Jan 8, 2021 - Economy & Business

Cold-weather cities embrace "winter placemaking" to coax people outdoors

Picture of Popportunity Winter Market in Central Square

The Popportunity Winter Market in Central Square, Cambridge, Mass. — an example of winter placemaking. Photo by Jonathan Berk, Patronicity.

Some cities and towns in Massachusetts — like Cambridge, Worcester, Salem and North Adams — are turning barren public spaces into popular destinations as part of a broader campaign to promote "winter placemaking" among cold-weather cities.

The big picture: These places and others are whipping up fun public installations — like fire pits, outdoor markets and light displays — aimed at coaxing people outdoors and shopping locally in the era of COVID-19.

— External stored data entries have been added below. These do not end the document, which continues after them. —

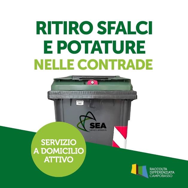 Al via, dall’11 maggio, il servizio di raccolta del materiale di scarto derivante da sfalci e potature. Come ogni anno, SEA SPA si attiva per ritirare i residui direttamente al domicilio delle utenze domestiche delle contrade della città da maggio a ottobre, il secondo e quarto giovedì del mese.
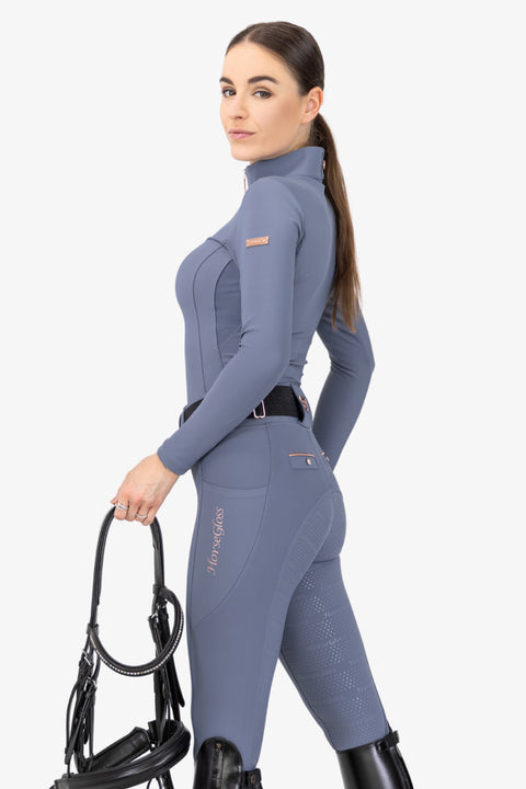 Kylie – Maillot d'équitation cristaux manches longues | smokey grey rose gold
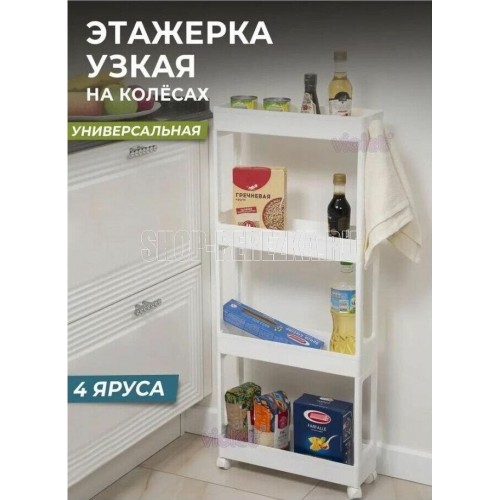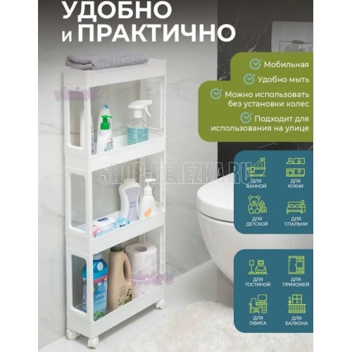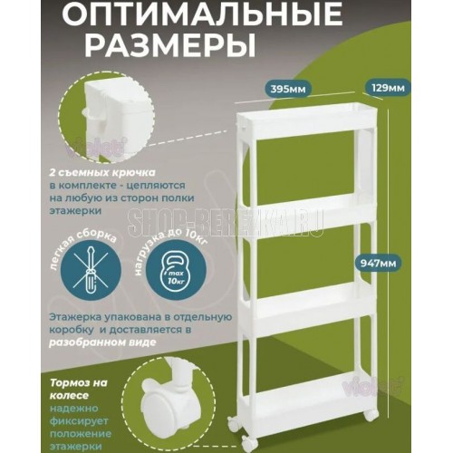 В комплекте к этажерке из двух ярусов идет 1 съемный крючок, к этажерке из трех и четырех ярусов 2 съемных крючка. Их можно установить на любую сторону полки для хранения. Пластиковые колесики (поставляются в модели из трех и четырех ярусов) делают этажерку мобильной и удобной в использовании. Тормоз на колесе надежно фиксирует положение. При этом колесики можно снять и использовать без них. Каркас этажерки выполнен из прочного пластика и не прихотлив в уходе, достаточно протереть влажной губкой или промыть под струей теплой воды. Изделие безопасно, не имеет острых углов и изготовлено из экологичного материала, не содержащего бисфенол А и предназначенного для контакта с пищевыми продуктами. Этажерка поставляется в разобранном виде в индивидуальной упаковке и собирается за пару минут. Размер этажерки из двух ярусов в собранном виде - 340х395х129мм. Размер этажерки из трех ярусов в собранном виде - 664х395х129мм. Размер этажерки из четырех ярусов в собранном виде - 947х395х129мм.
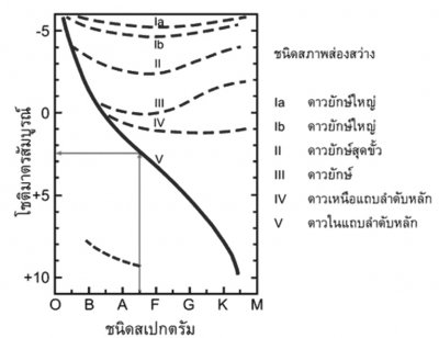 รูปแสดงความสัมพันธ์ระหว่างคาบและแมกนิจูดสัมบูรณ์

The back story: Last year, as the pandemic hit, a group called Patronicity — born in Detroit, and dedicated to the curious art of "placemaking" — helped solicit ideas for ways that cities could "embrace winter as a fourth season to get outdoors, and not kind of hibernate," as Jonathan Berk, who spearheaded the project, put it.

  • 65 ideas were compiled into a guidebook called "Winter Places."
  • Among the suggestions: build mazes of festive trees; decorate streetscapes with yarn art; "create a warm and cozy outdoor living room."

Then, in November, the Boston-based Barr Foundation held a webinar series to encourage U.S. cities to try "winter placemaking," embracing the cold the way Canadian and Scandinavian cities do. Barr also started granting money to cities around Massachusetts to try things out.

  • "Since Thanksgiving, we've been sort of going 100 miles an hour, helping communities plan, purchase products, and then implement different winter placemaking ideas," Berk tells Axios.

Bonus: Berk told me about one strategy in Edmonton, Alberta, "They encouraged their local weather people to talk more positively about winter."